The news of a specific deadline provided a needed boost to the negotiations, and a deal was announced late on May 27.

Key elements of the debt ceiling deal

The bill suspends the debt ceiling until January 1, 2025. At that point, the Treasury Department will be able to use accounting maneuvers to get around the debt ceiling (referred to as “extraordinary measures”) for several months to ensure the country does not default. That means the debt ceiling won’t need to be raised until mid-2025, well after the 2024 presidential election and with a new Congress in place.

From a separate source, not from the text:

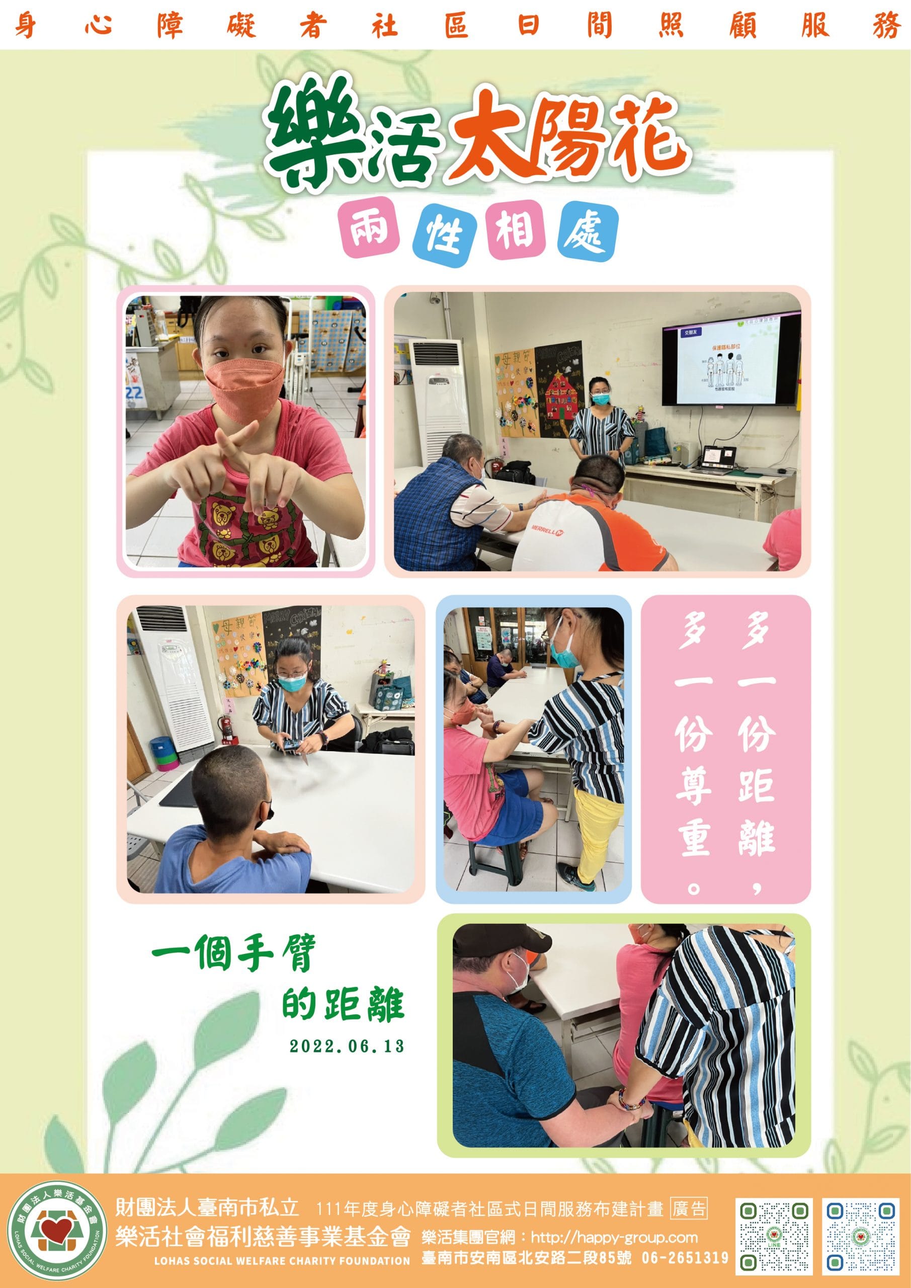 太陽花青年學習兩性之間的相處,每個人都需要一個安全的範圍, 一個手臂的距離,是最剛好的距離。 如果遇到壞人做出…

The legislation reduces discretionary spending for the next two years, but those cuts do not affect defense spending—which will see an increase in the coming year—nor will there be any cuts to Social Security, Medicare, or veterans’ health care programs. The bill also requires Congress to pass the 12 appropriations bills that fund every federal agency and program by the end of 2023 or risk an automatic across-the-board 1% cut in all funding.

The agreement also repurposes about $28 billion in unspent COVID-19 funds, as well as about $20 billion of the special funding for the Internal Revenue Service that was approved last year. The legislation increases work requirements for some food stamp recipients; reforms the permitting process for energy projects; and ends the freeze on student loan repayments that was put in place during the pandemic.

As with most compromises in Washington, the agreement left both parties disappointed. But the overwhelming bipartisan vote in the House underscored the importance of avoiding a default, even if many lawmakers had reservations about the contents of the deal.

What happens next

The bill is now under consideration in the Senate, where it will need at least 60 votes to overcome a filibuster. Timing in the Senate can be a little tricky, as any one senator can employ a variety of parliamentary maneuvers to delay a final vote for several days. Senators will need to agree to a specific timeline for debating and voting on the bill in order to ensure passage prior to the June 5th default deadline. Senate leaders from both parties were confident that such an agreement could be forged and were optimistic that the bill could move to a final vote as soon as June 2nd.

Once the House and Senate have passed the exact same bill, it can be signed into law by President Joe Biden. The Treasury would immediately be able to begin borrowing, and the debt ceiling debate will recede into the background until 2025.

The bottom line for investors is that market concerns about a potential default are abating. While it is still possible that there could be unexpected bumps as the bill winds its way through the Senate, confidence is high that a final vote on the debt ceiling suspension will take place prior to the June 5th deadline.